Amsterdam in a Day
Amsterdam Travel Blog› entry 3 of 4 › view all entries
Since we had limited time in Amsterdam, I decided to try to pack as much into today as I could. We got an early start and enjoyed breakfast at our hotel (included in the price of the rooms). In addition to regular breakfast fare, they had the most excellent cherry preserves made right there that were amazing on a croissant! That with some coffee and I was pretty happy!
We walked down to the "Dam" where the Amstel River was first dammed up. It was a nice cool morning -- 70's and not many people out yet. We took a boat tour of the canals and it was a great way to get my bearings. The city is built on concentric circles of canals.
Our next stop was the Anne Frank House. It was so amazing to see the actual home and rooms where she hid from the Nazi's with her family in the back of the jam and jelly shop where her father worked. It was a very moving experience. The exhibit has various media to watch and read and experience. It was particularly moving to me when we went through the false bookcase door into the secret annex. I cannot imagine hiding in a place like that for 2 years. Only the father survived. Anne and her sister died at Bergen Belsen. Her mother died at Auschwitz. The father survived only because he was in a hospital at the time of the liberation of Amsterdam.
We stopped for lunch at a pizza place and had a pizza margherita, very plain and simple -- but it hit the spot.

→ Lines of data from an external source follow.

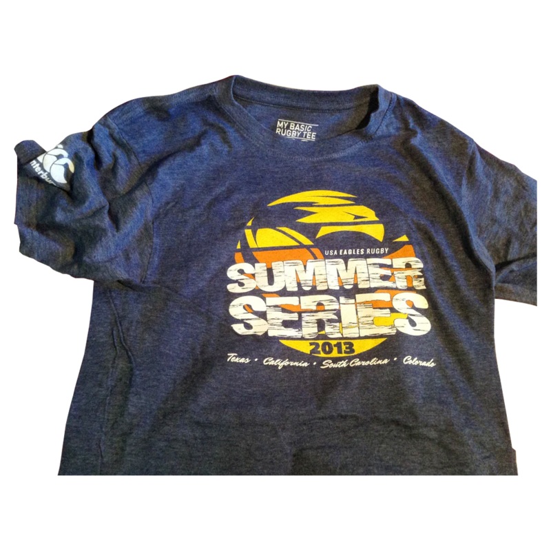 USA Rugby Summer Series Tee (Adult)2013 Summer Series Tee covering USA's matches against Ireland, Tonga, Canada, France and the Women's Nations Cup.Sizing is a "slim fit" to please order accordingly.
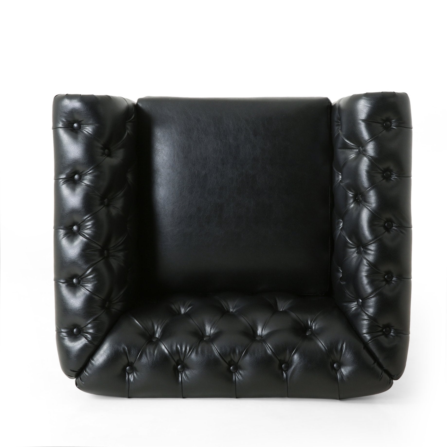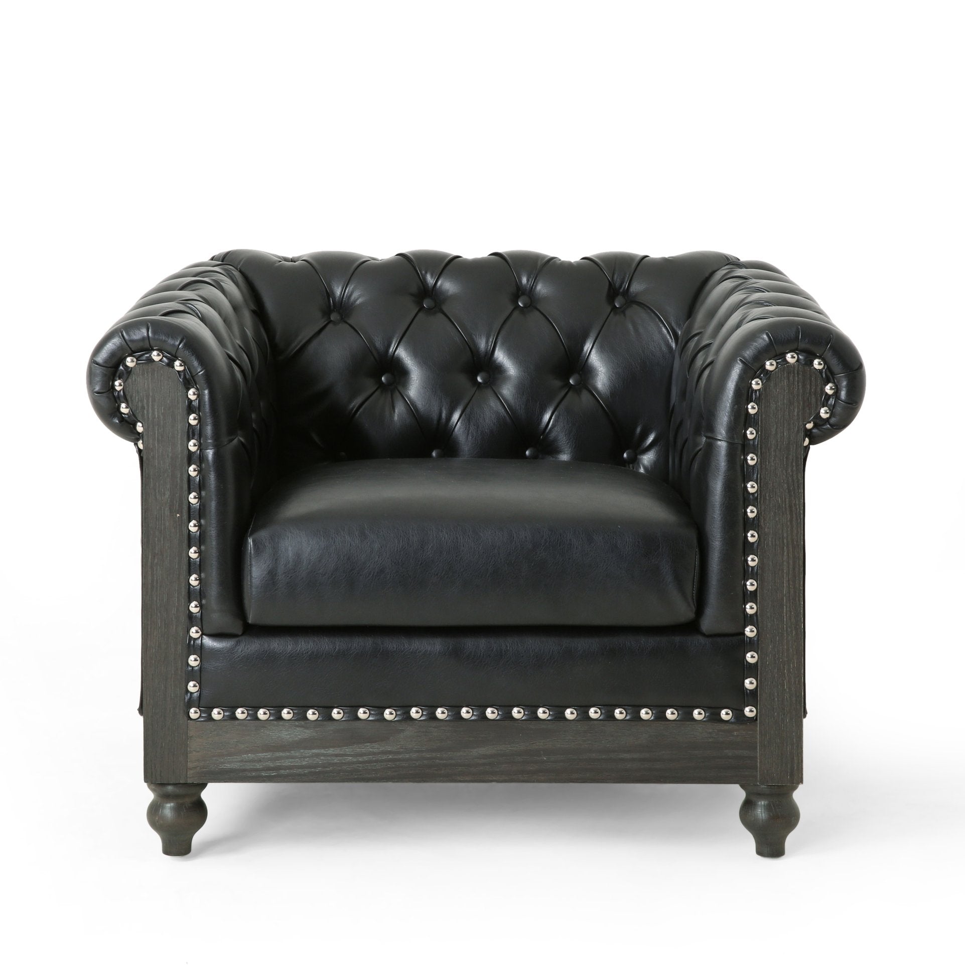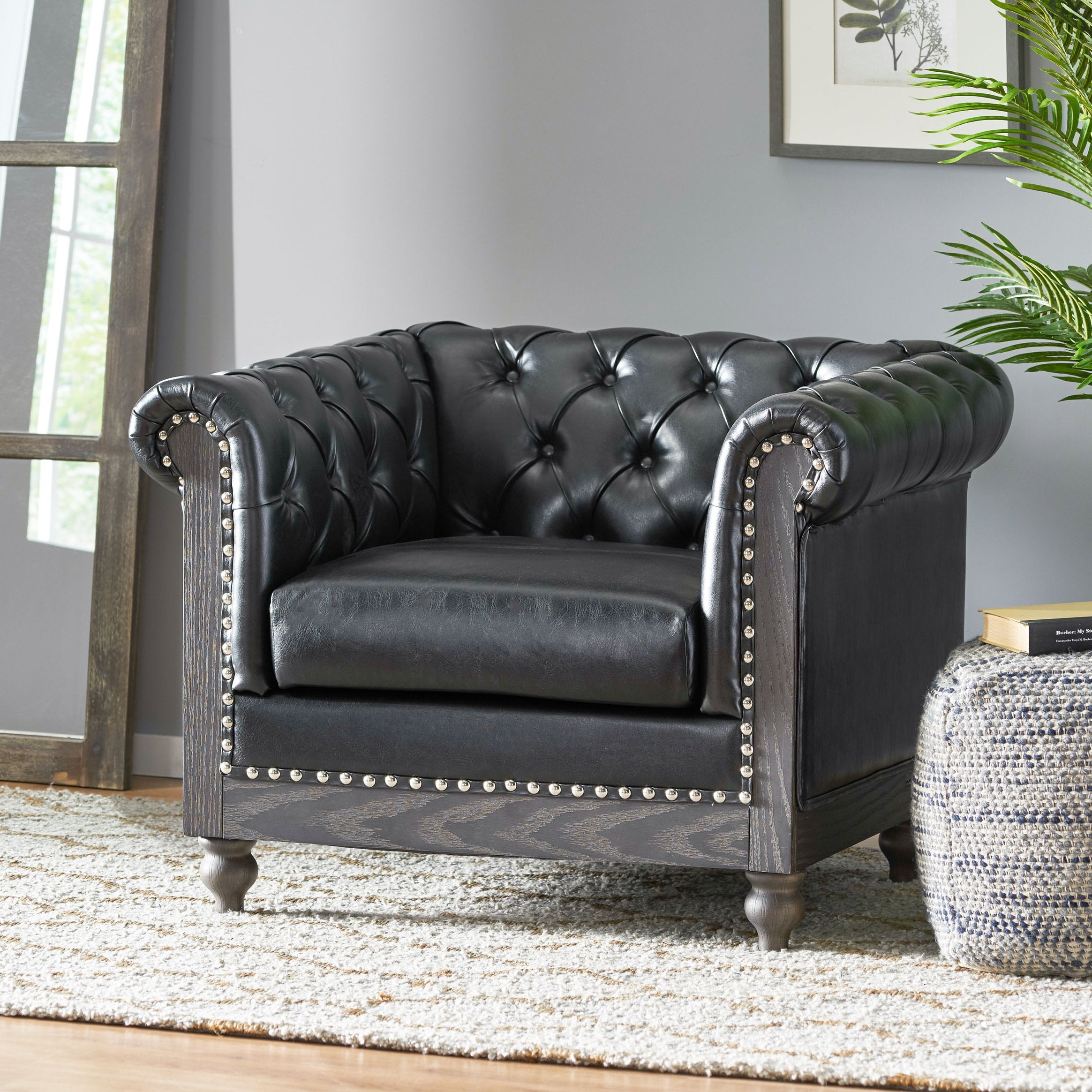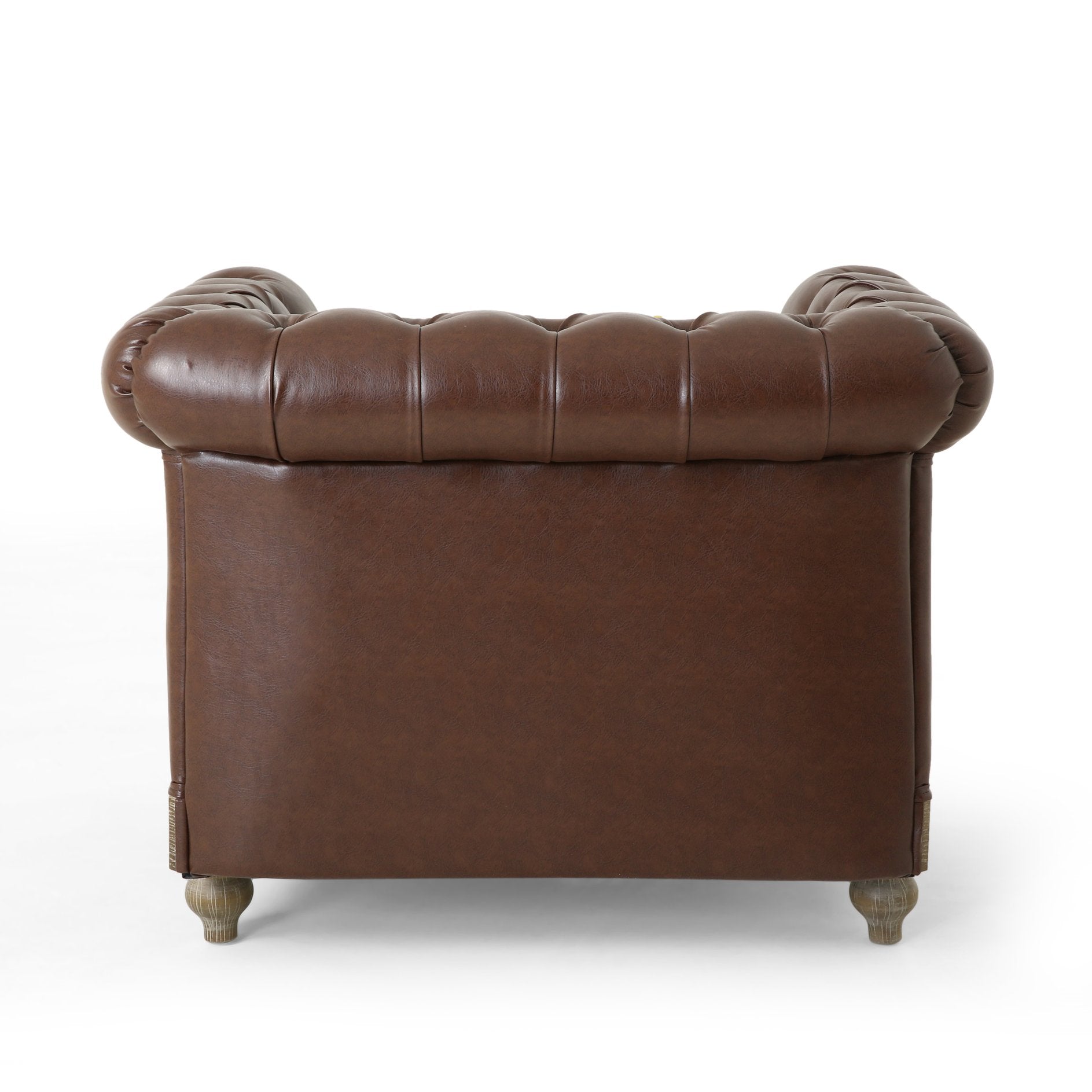 Elevate your living space with a timeless club chair that blends classic Chesterfield styling with warm, rustic charm. Upholstered in light brown PU for an inviting look and easy maintenance, this piece delivers sophisticated details—deep button tufting, nailhead trim, scrolled tuxedo arms and turned legs—while providing comfortable, supportive seating for reading, relaxing, or entertaining.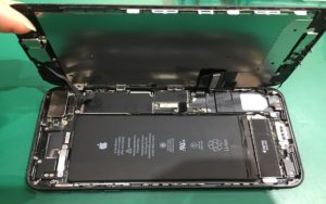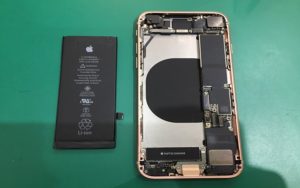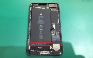 iPhone8のバッテリーシールはiPhone6/7に比べて強力になって剥がしづらいですのでバッテリーを損傷させないように慎重に修理を行いました。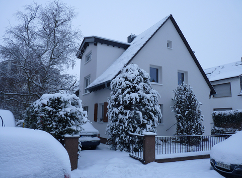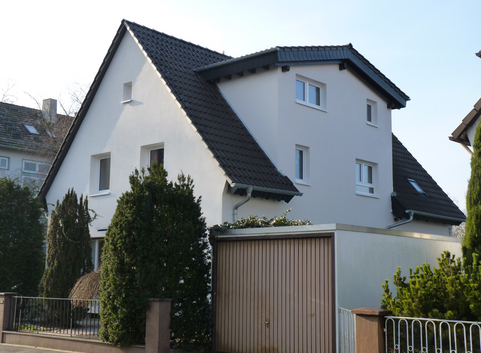 Die Außenwände aus 30 cm Mauerwerk wurden mit einem 14 cm dicken WDVS aus Polystyrol EPS (WLG 032) gedämmt. Der U-Wert der Außenwände konnte von 0,71 W/(m²*K) auf 0,17 W/(m²*K) verbessert werden. Die neuen Gauben im Dachgeschoss wurden aus Holzständerelementen gefertigt. Zwischen den Hauptträgern wurden 12 cm Mineralfaser (WLG 035) eingebracht. Außenseitig wurde zusätzlich mit 14 cm Polystyrol EPS (WLG 032) gedämmt. Der U-Wert beträgt 0,13 W/(m²*K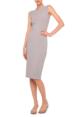 Questo abito senza maniche incarna la raffinatezza attraverso la semplicità costruttiva. Il girocollo essenziale crea una linea pulita e versatile, mentre la vestibilità aderente segue le curve del corpo con precisione elegante. Tagliato fino al ginocchio, il capo offre proporzioni sofisticate adatte a molteplici contesti, dalla quotidianità agli eventi più formali. Lo spacco posteriore garantisce libertà di movimento senza compromettere l'estetica minimalista del design. L'assenza di maniche esalta la spalla e consente abbinamenti versatili con blazer, cardigan o accessori statement. Realizzato con attenzione ai dettagli costruttivi, questo pezzo fondamentale si rivela un investimento stilistico duraturo, perfetto per chi ricerca un'eleganza sobria e senza tempo che trascende le fluttuazioni delle tendenze stagionali.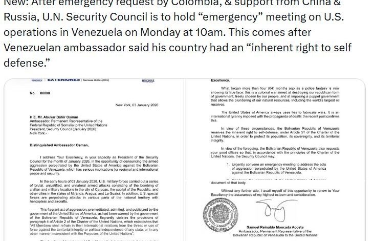 Υπενθυμίζεται πως, τόσο η μόνιμη αντιπροσωπεία της Μπολιβαριανής Δημοκρατίας της Βενεζουέλας, όσο και άλλες χώρες ζήτησαν το Σάββατο (3/1) να συνεδριάσει, μετά τη στρατιωτική επέμβαση στη Βενεζουέλα κατά τη διάρκεια της νύχτας και τη σύλληψη του προέδρου της χώρας, Νικολάς Μαδούρο, από τις αμερικανικές δυνάμεις.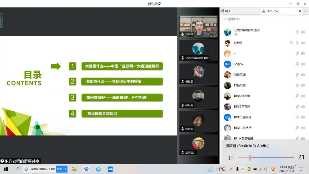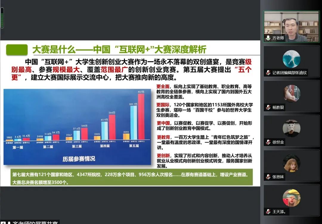 为提高公司员工创新创业大赛的参赛水平,培养员工的创新创业精神,3月31日下午,k1体育通过腾讯会议App开展题为“中国‘互联网+’大赛深度解析与高质量BP、PPT打造”的创新创业讲座。讲座由创新创业公司副经理齐松主讲,k1体育各年级员工共计250余人在线聆听。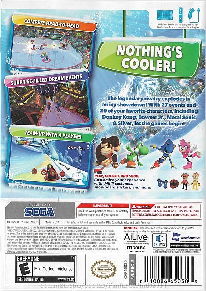 Plot: Mario Sonic at the Olympic Winter Games is a sports party game that takes players on the Wii platform to Vancouver, Canada, host city of the official 2010 Olympic Winter Games. This gaming experience invites players of all ages and skill sets to face-off in intense winter competitions in lifelike Olympic venues where they can choose from a legendary cast of playable characters, including new faces to the series like Donkey Kong, Metal Sonic, Bowser Jr., and Silver. The game features intuitive controls, multiplayer modes and Wii Balance Board functionality allowing for a more interactive and realistic gaming experience. Shopping options throughout the game's Olympic village provide opportunity to buy both the gear and upgrades needed for competitions and to customize the gear that you already have. 022622-022622P-VG1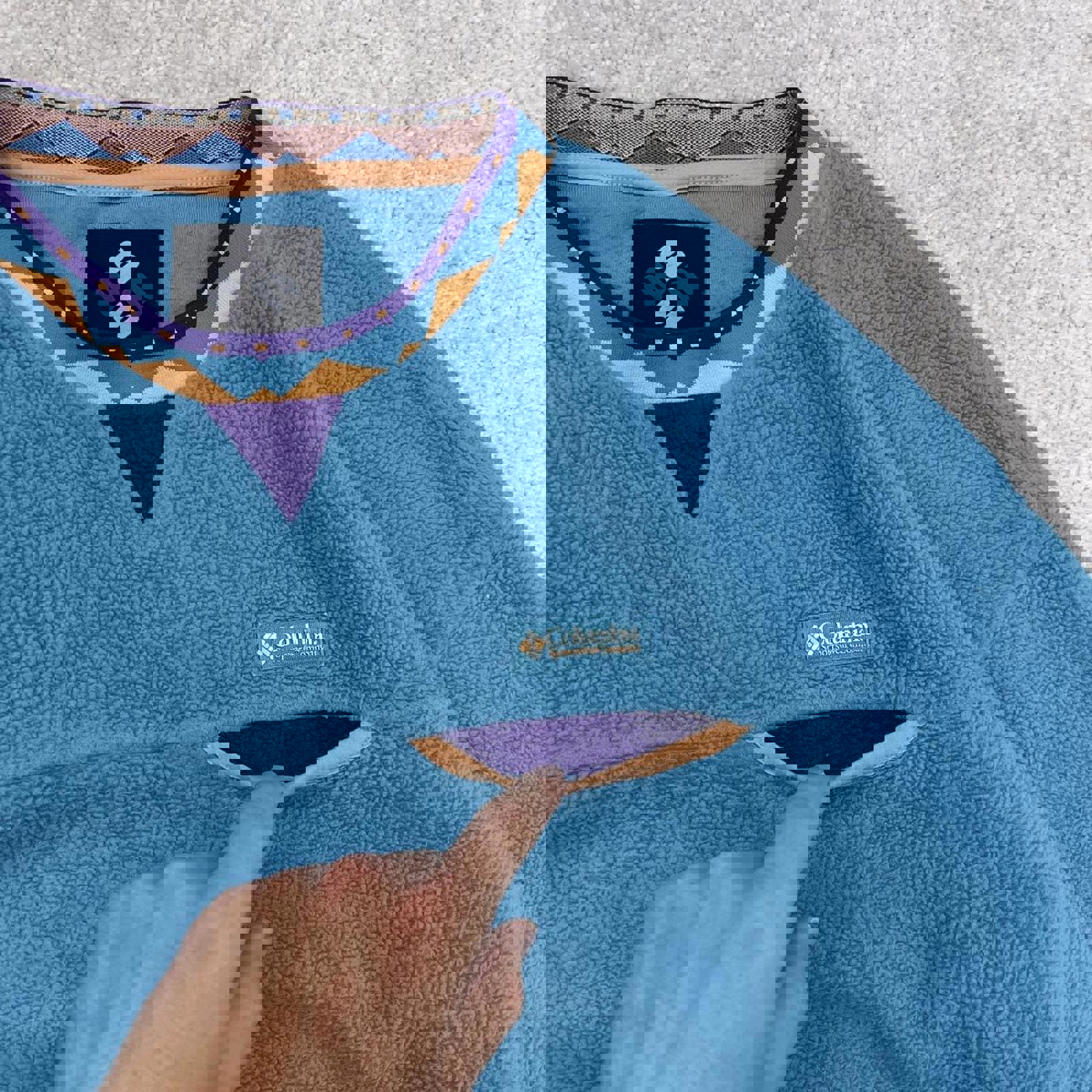 Blue Columbia Sportswear pull over technical fleece with patch logo, chest pocket and aztec pattern neckline

The Rijksmuseum was our next adventure. It is the largest and most famous museum in Holland. We did the headset tour and saw some beautiful artwork -- pieces like Rembrandt's Nightwatch, the Jewish Bride, a self portrait and the Five Businessmen. I also enjoyed the Vermeer and Frans Hals pieces quite a bit. I had never spent much time studying Dutch artists other than Rembrandt, so the tour was a nice way to learn a bit about lesser known but still important artists.
For dinner, I made reservations at an Indonesian restaurant called Sama Sebo. Much of Indonesia was colonized by the Dutch, and there is a long relationship between the two nations. Dutch merchants who spent time in Indonesia introduced Indonesian food back to the mother country and the Dutch have evidently had a love affair with Indonesian food ever since. We ordered the "Rijsttafel" which literally means the "Rice Table." It is a way to sample many different Indonesian dishes at one time. You get many little plates of food. The Merchants of old used to like to do the Rijsttafel for their friends back in Holland to impress them with the quantity and difference of all the dishes. Rob and I shared 23 different dishes that night -- and nearly at it all! It was a great experience.
After our meal, we walked to the infamous Red Light District of Amsterdam. The streets were very crowded that night and especially in the Red Light area. It is just like you hear -- glass doors and picture windows wiht red neon lights around them and ll kinds of different ladies of the night trying to tempt you to enter. We saw all shapes, sizes and colors! We also saw three fist fights in this area -- and all were liquored up Brits. I heard that some airline had a special going from the UK where you could fly to Amsterdam on the cheap, so lots of guys were doing that and then getting hammered once they got to Amsterdam. We did not see a lot of guys going into the "houses" in the Red Light District though, but a few did.